Improving treatment for women with co-morbid post-traumatic stress disorder (PTSD) and alcoholism: a randomized placebo-controlled study of the FAAH inhibitor PF-04457845 in trauma-focused cognitive and behavioral therapy with exposure.

ISRCTN ISRCTN56834832
DOI https://doi.org/10.1186/ISRCTN56834832
EudraCT/CTIS number 2014-002456-90
Secondary identifying numbers 14060802, version 3
Submission date
29/07/2014
Registration date
13/08/2014
Last edited
23/10/2018
Recruitment status
Stopped
Overall study status
Stopped
Condition category
Mental and Behavioural Disorders
Prospectively registered
Protocol
Statistical analysis plan
Results
Individual participant data
Record updated in last year

Plain English summary of protocol

Background and study aims
Post-traumatic stress disorder (PTSD) is an anxiety disorder caused by the sufferer experiencing a frightening, very stressful or distressing event. Such events include being in an accident, being attacked, witnessing a violent death or being involved in a natural disaster. The condition can develop immediately after the event or weeks, months or even years later. Symptoms include reliving the experience though nightmares and flashbacks, feeling hyper alert and on edge and avoiding people or places that remind them of the event. Nearly twice as many woman than men will suffer from PTSD then men during their lifetime. Many people with PTSD turn to alcohol or illegal drugs as a way of coping with the condition. There is a strong link between PTSD and alcohol abuse disorder (a term used to describe people who abuse alcohol or are alcoholics). PTSD is much more common among people who suffer from an alcohol use disorder (AD) and tends to be more severe. PTSD sufferers are more likely to also suffer a relapse in their AD. This strong link between the two disorders suggests there may be underlying disturbances in the brain that are common to both. A treatment called cognitive behavioural therapy (CBT) with exposure has proved to be a successful in helping people with PTSD . It involves exposing the patient to the traumatic event they suffered in a safe way and enables them to cope with their feelings about it. CBT with exposure has also been recently combined with techniques to prevent relapses of drug abuse and AD to treat people with PTSDs and such substance abuse disorders (Concurrent Treatment of PTSD and Substance Use Disorders Using Prolonged Exposure (COPE)). Drugs to treat PTSDs have not proved to be very successful. However, using drugs to enhance the effects of psychological treatment may be an option. One biological system in the brain, called the endo-cannabinoid system, may be a particularly useful target for such drug treatment, as it controls feelings of pain, reward and memory. Here, we are testing out a new drug, PF-04457845 (a FAAH-inhibitor), that may be able to influence the signaling in the endo- cannabinoid system to treat women patients with PTSD and AD. The drug has been recently tested on patients with joint pain with no major side effects reported.

Who can participate?
Women aged at least 18 and diagnosed with PTSD and AD.
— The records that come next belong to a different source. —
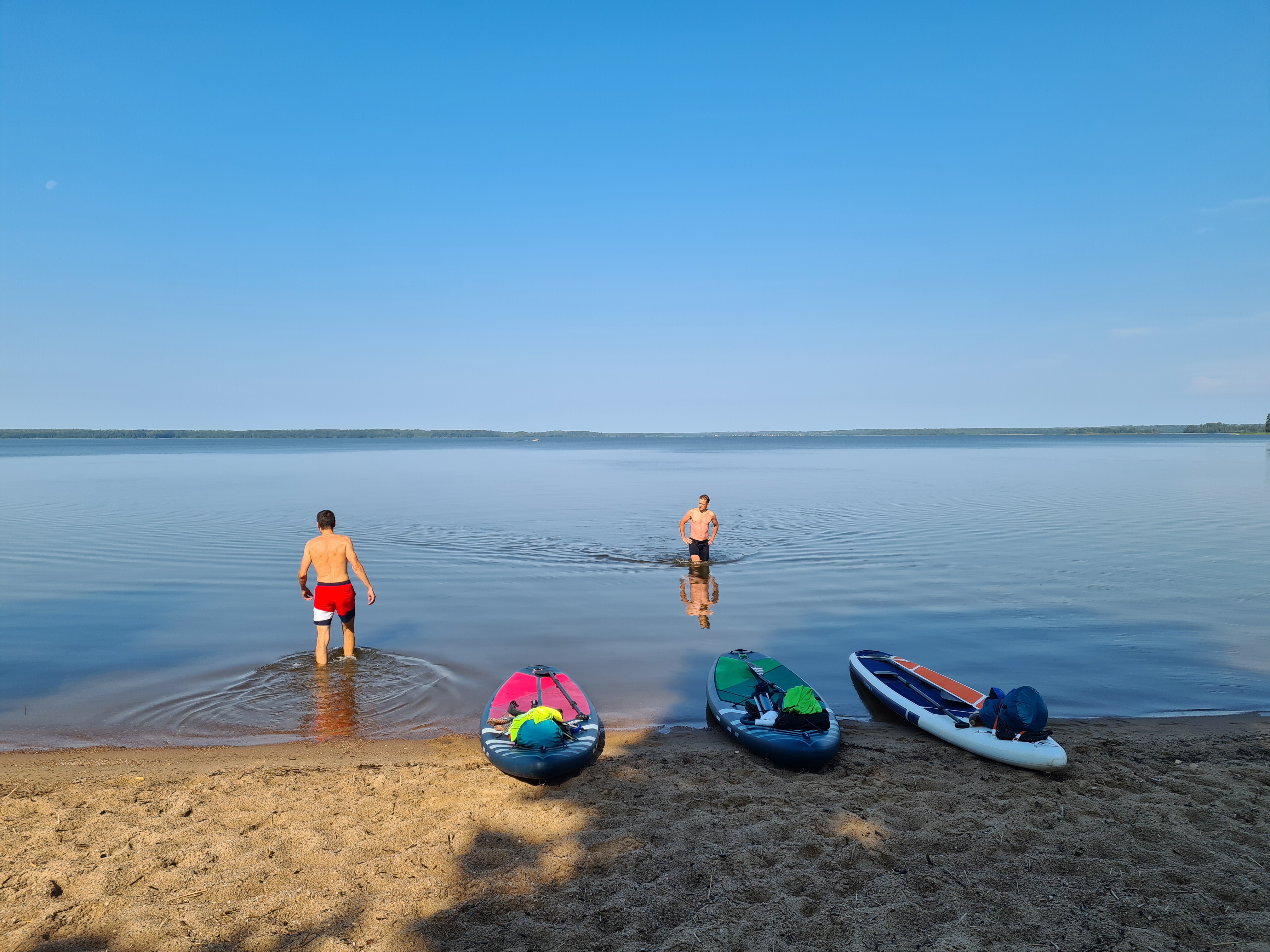 Утро 6 августа 2023. Пляж на озере Шлино около гостевого дома "Яблонька".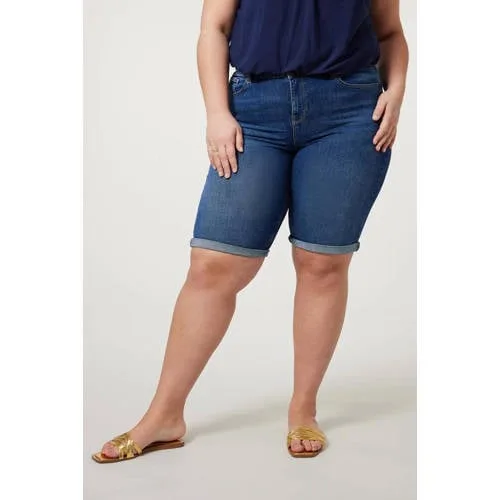 Miss Etam Plus high waist slim fit short medium blue denim Prijzen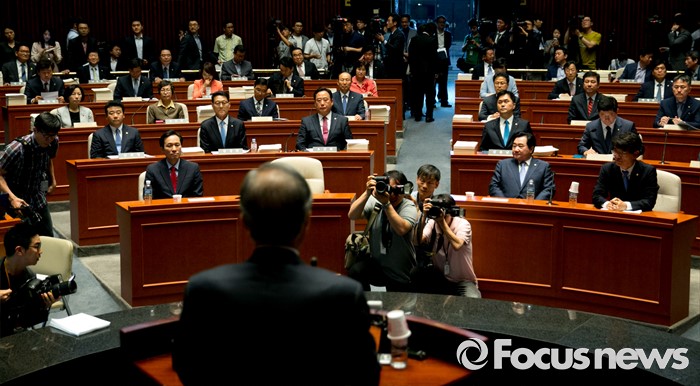(서울=포커스뉴스) 20대 국회 임기가 시작된 30일 오전 서울 여의도 국회에서 열린 더불어민주당 의원총회에 참석한 의원들이 김종인 비대위 대표의 모두발언을 듣고 있다.

What does the study involve?
Participants are randomly allocated into one of two groups. They all receive 12 weekly sessions of COPE treatment. Those in group 1, however, are also treated with the drug PF-04457845 during the first 4 weeks of COPE therapy. Those in group 2 receive a placebo. The alcohol intake for all participants (in both groups) is monitored weekly though urine samples. Blood samples are also analyzed just before the treatment starts and then after 2, 4, 8 and 12 weeks of treatment. Stress levels for all participants are measured though analyzing the amount of cortisol (a hormone that is produced in response to stress) in hair samples just before and then after the treatment is complete. Participants also attend a follow up appointment 3 months after treatment.

What are the possible benefits and risks of participating?
Participants are paid the equivalent of about 5 euro after each session and about 30 euro after the 3 months follow-up. It is also hoped that the treatment with improve PTSD symptoms will reduce heavy alcohol use. No risks are reported.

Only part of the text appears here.